When coronavirus began to spread in the United States, predominantly in the Northwest, I was in Chicago for a conference. While I kept up with the news and usually do whether I am traveling or not, I wasn't tracking how dire the situation was. For me, it was a relatively normal few days spent with colleagues working on collaborative work.


My colleagues and I would work in the morning hours, break for lunch, do a little more work in the afternoon, and take in some tourist attractions during the later afternoon. We had few things to care about other than the work we were doing and where we were going to visit in the afternoon. We got a remarkable amount of tasks accomplished, especially pertaining to the two books upon which we were working. One was in pedagogy, tentatively entitled The Socratic Classroom, and the other is an edited anthology entitled Virtue, Narrative, and Self: Autobiography and the Philosophy of Mind and Action.

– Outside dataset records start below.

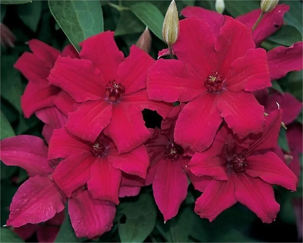 Цветки клематиса Руж Кардинал крупные (до 12 см в диаметре) и махровые, состоят из множества лепестков. Они собраны в соцветия по 3-5 штук. Цветение начинается в июне и продолжается до сентября.
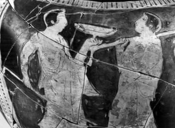 Keywords: Agrigento Painter - Column-Krater with Komos - Walters 4871 - Side B Detail.jpg This red-figure column-krater depicts the komos on both the front and back On the front left is a youth with a chlamys draped around his shoulders and a wreath around his head He stands to the right holding in his left hand a lyre with a sash hanging from it; he leans on a staff held in the right hand In front of him another youth with a chlamys draped in a similar fashion moves left looking around He carries a staff in his left hand diagonally across his chest and with the right he manipulates his genitals Next is a youth who stands to the right playing a barbiton from which a sash hangs He holds the plectron in his right hand; the fingers of his left rest on the strings A chlamys is draped over his left shoulder; he wears a thick fillet In front of him stands a fourth youth who moves to the left an oinochoe in his right hand a kylix in his left A chlamys is draped around his shoulders and he wears a wreath On the back left is a mantled youth with a fillet who moves right a kylix in his raised left hand and a staff in the right held diagonally across his lower body His pursed lips and closed eye suggest that he is engrossed in song In the center another mantled youth moves left He holds a staff in his right hand over his shoulder and tilts his head back as if also in song On the right a third mantled youth moves left He holds up an oinochoe in his right hand and a skyphos in his left ca 470 460 BC Classical terracotta cm 47 6 37 5 h x max diam ; at mouth cm 37 6 diam ; at foot cm 18 9 diam accession number 48 71 6937 Don Marcello Massarenti Collection Rome cat no 192 Henry Walters city Baltimore Walters Art Museum Henry Walters Acquired by Henry Walters with the Massarenti Collection 1902 place of origin Attica Greece Walters Art Museum license Ancient Greek red-figure pottery in the Walters Art Museum Agrigento Painter Column kraters Chlamydes Media contributed by the Walters Art Museum needs artist update Komos scenes |
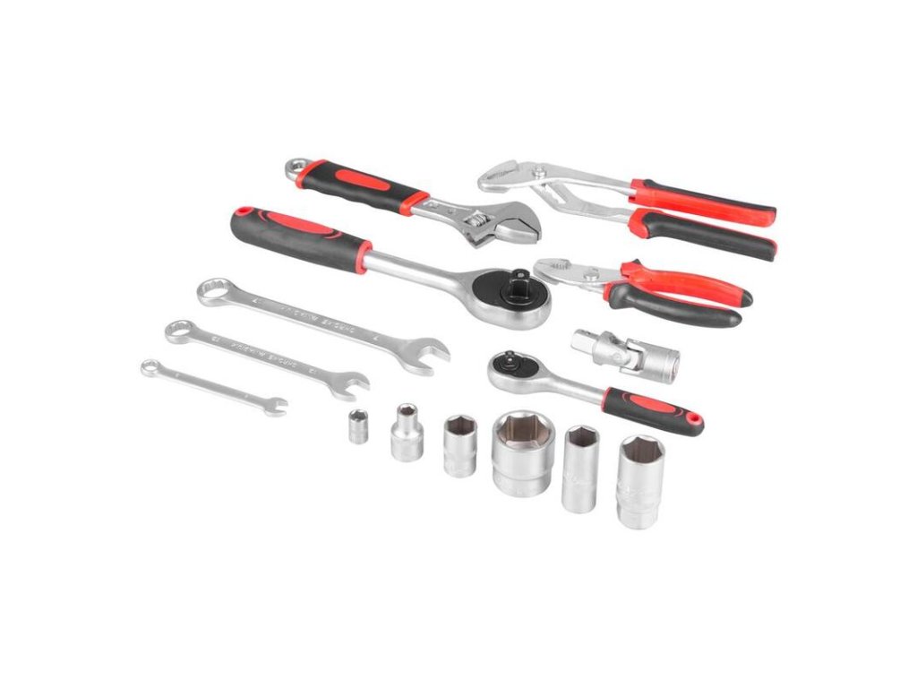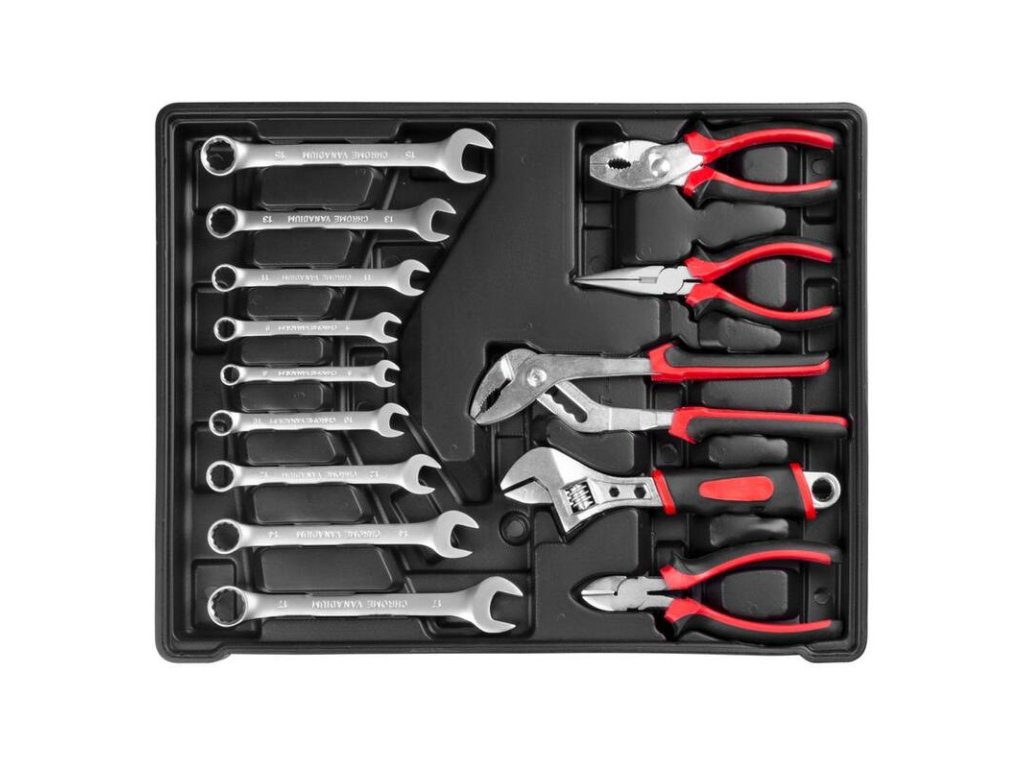 1 ks kliešte na poistné krúžky 150 mm • 1 ks kombinované kliešte 150 mm • 9 ks očkoplochý klúč 8-17 mm •

On Tuesday afternoon, my colleague and I finished our work around 11.00AM and walked over to the Art Institute of Chicago. That was when it struck me that the pandemic was not going to be something that didn't affect each and everyone of us. First, my partner texted me on the way over, warning me to be careful and wash my hands religiously. She said that several people in Washington had died from the coronavirus. Since little was known of how it was transmitted, she recommended that I be more cautious than less. She instructed me not to touch anything unless I knew with a degree of certainty the object's history---fat chance in the Art Institute. Second, when we arrived at the Art Institute, I noticed that several patrons and people working the information desk had dawned latex gloves. And they weren't handling the art work; they were handling patron's bags.


I departed Chicago on the morning of 1 March and sat next to an MIT professor of public health who had just finished up with meeting her peers to discuss the rising pandemic. She was meticulous about her seat. She, quite literally, cleaned her seat, using a dozen or so alcohol wipes on the seat, the armrest, the traytable, and anything else she though she would touch on the flight. I believed she was acting obsessively. Boy, was I wrong! When she told me a little about herself, I began mimicking her---cleaning my area as best I could. When I asked her what I should do since I hadn't cleaned my seat, with a chuckle she recommended I burn my clothes once I got home. Seriously, though, she did suggest that I remove and then wash my clothes once I got to my destination. That's exactly what I did!


These three events are the earliest memories I have of COVID-19. It's difficult to believe that that was merely four-ish weeks ago. But that's how far we have come and---highly likely---at least how far we have to go.